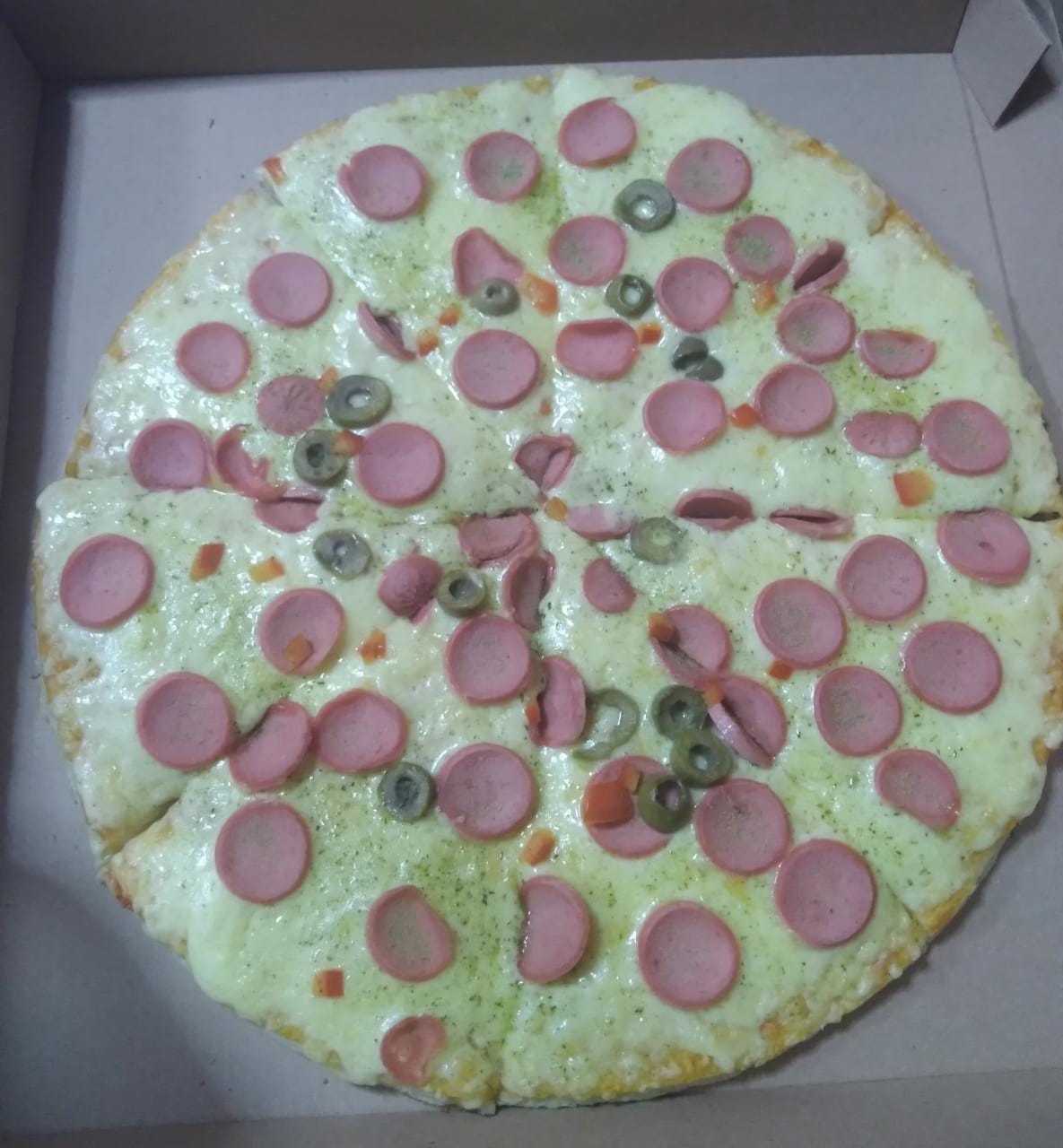 Ingredientes: salsa pizzera, queso mozzarella, hot dog, pimientos y aceitunas.
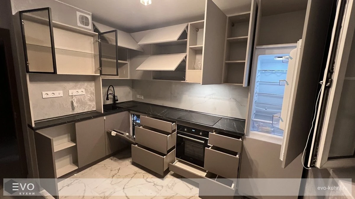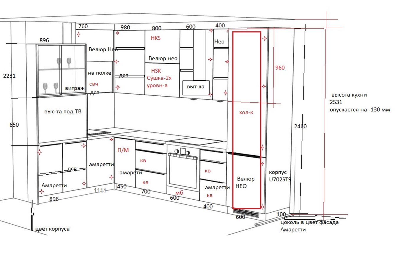 Кухни все изготавливаются по индивидуальному заказу. Мы подготовим дизайн-проект под любое помещение и конфигурацию. В зависимости от выбранных фасадов сможем изготовить нестандартные модули и размеры. Однако есть редкие исключения видов фасадов, по которым невозможны нестандарты, об этом вас предупредит дизайнер при выборе материалов для проекта.
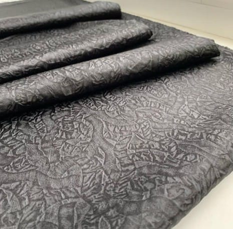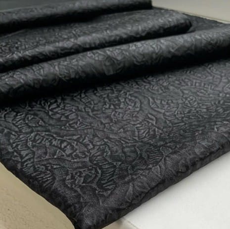 Плотная костюмная атласная ткань с жаккардовым рисунком.
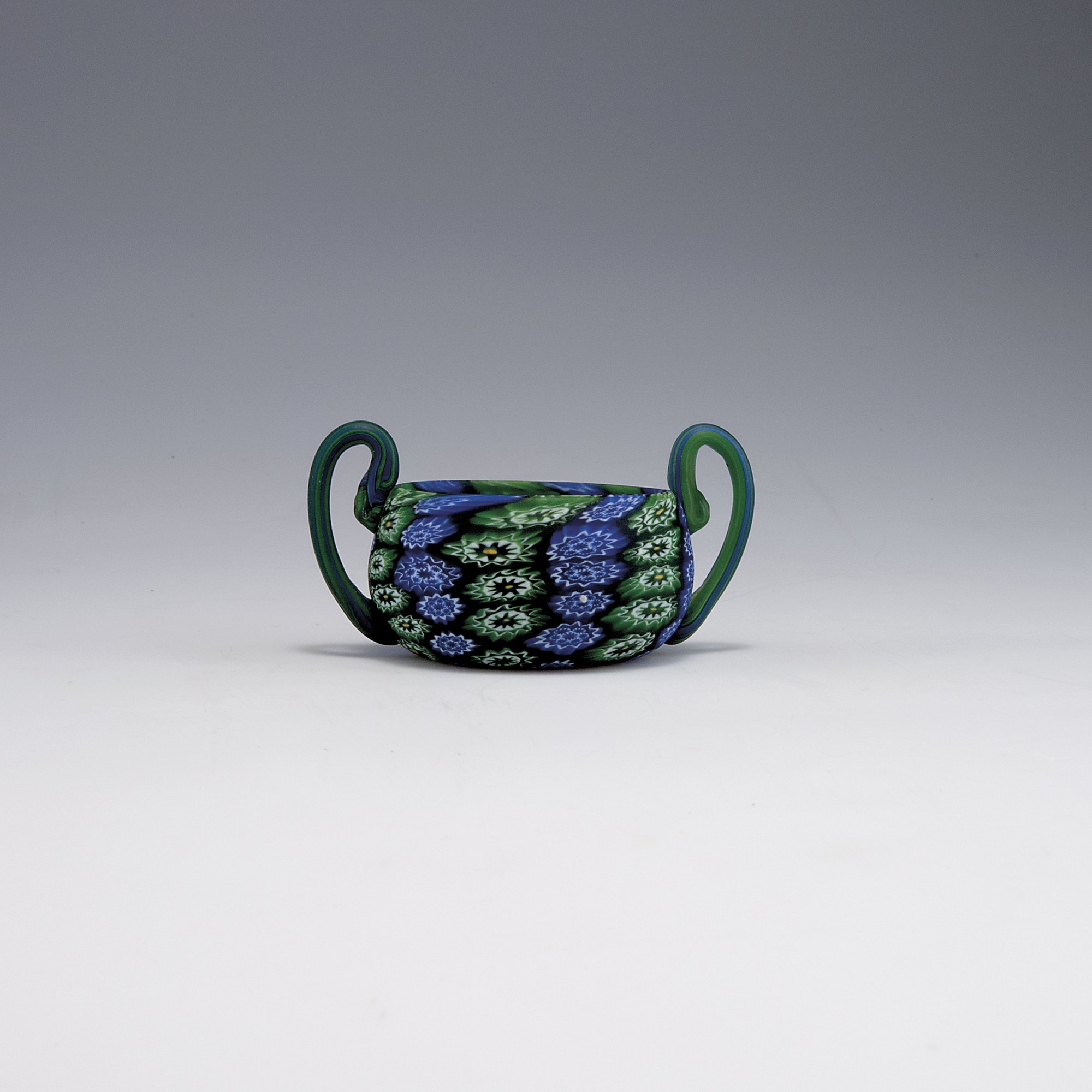 H. 5 cm, Dm. 6,8 cm. Farbloses Glas, in vertikalen Bändern aufgeschmolzene Blütenmurrine in Grün, Weiß, Gelb und Blau.
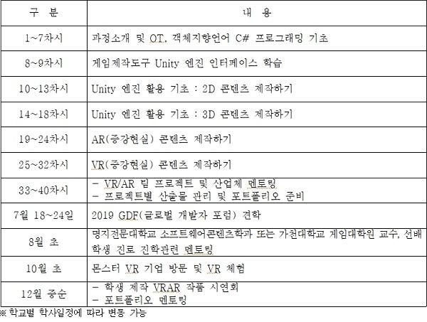 청소년 VR/AR 교실은 ,콘텐츠 기획 ,VR/AR 기초 이론 ,프로그래밍을 통한 콘텐츠제작 ,관련 기업 탐방 및 멘토링 등의 프로그램으로 구성된다. 교육과정이 모두 끝나는 12월에는 교육받은 학생들의 ‘VRAR 콘텐츠 제작 발표회’가 열릴 예정이다. 이 자리에는 VRAR 전문가는 물론 도내 VRAR기업의 담당자들도 참여해 학생들이 개발한 콘텐츠에 대한 조언은 물론, 진학·취업 상담도 진행하게 된다.
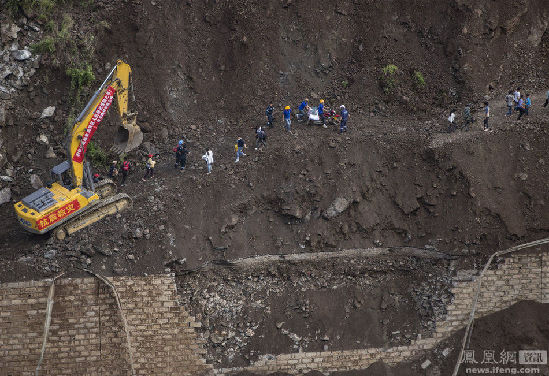 灾区的交通严重堵塞,鲁甸通往巧家的道路依然遭遇严重塌方,过往人员快速通过。

▶ **BRIEF**
Repeat the full listing above exactly, with no pictures in the copy.

▶ **ANSWER SPACE**
 Ingredientes: salsa pizzera, queso mozzarella, hot dog, pimientos y aceitunas.
 Кухни все изготавливаются по индивидуальному заказу. Мы подготовим дизайн-проект под любое помещение и конфигурацию. В зависимости от выбранных фасадов сможем изготовить нестандартные модули и размеры. Однако есть редкие исключения видов фасадов, по которым невозможны нестандарты, об этом вас предупредит дизайнер при выборе материалов для проекта.
 Плотная костюмная атласная ткань с жаккардовым рисунком.
 H. 5 cm, Dm. 6,8 cm. Farbloses Glas, in vertikalen Bändern aufgeschmolzene Blütenmurrine in Grün, Weiß, Gelb und Blau.
 청소년 VR/AR 교실은 ,콘텐츠 기획 ,VR/AR 기초 이론 ,프로그래밍을 통한 콘텐츠제작 ,관련 기업 탐방 및 멘토링 등의 프로그램으로 구성된다. 교육과정이 모두 끝나는 12월에는 교육받은 학생들의 ‘VRAR 콘텐츠 제작 발표회’가 열릴 예정이다. 이 자리에는 VRAR 전문가는 물론 도내 VRAR기업의 담당자들도 참여해 학생들이 개발한 콘텐츠에 대한 조언은 물론, 진학·취업 상담도 진행하게 된다.
 灾区的交通严重堵塞,鲁甸通往巧家的道路依然遭遇严重塌方,过往人员快速通过。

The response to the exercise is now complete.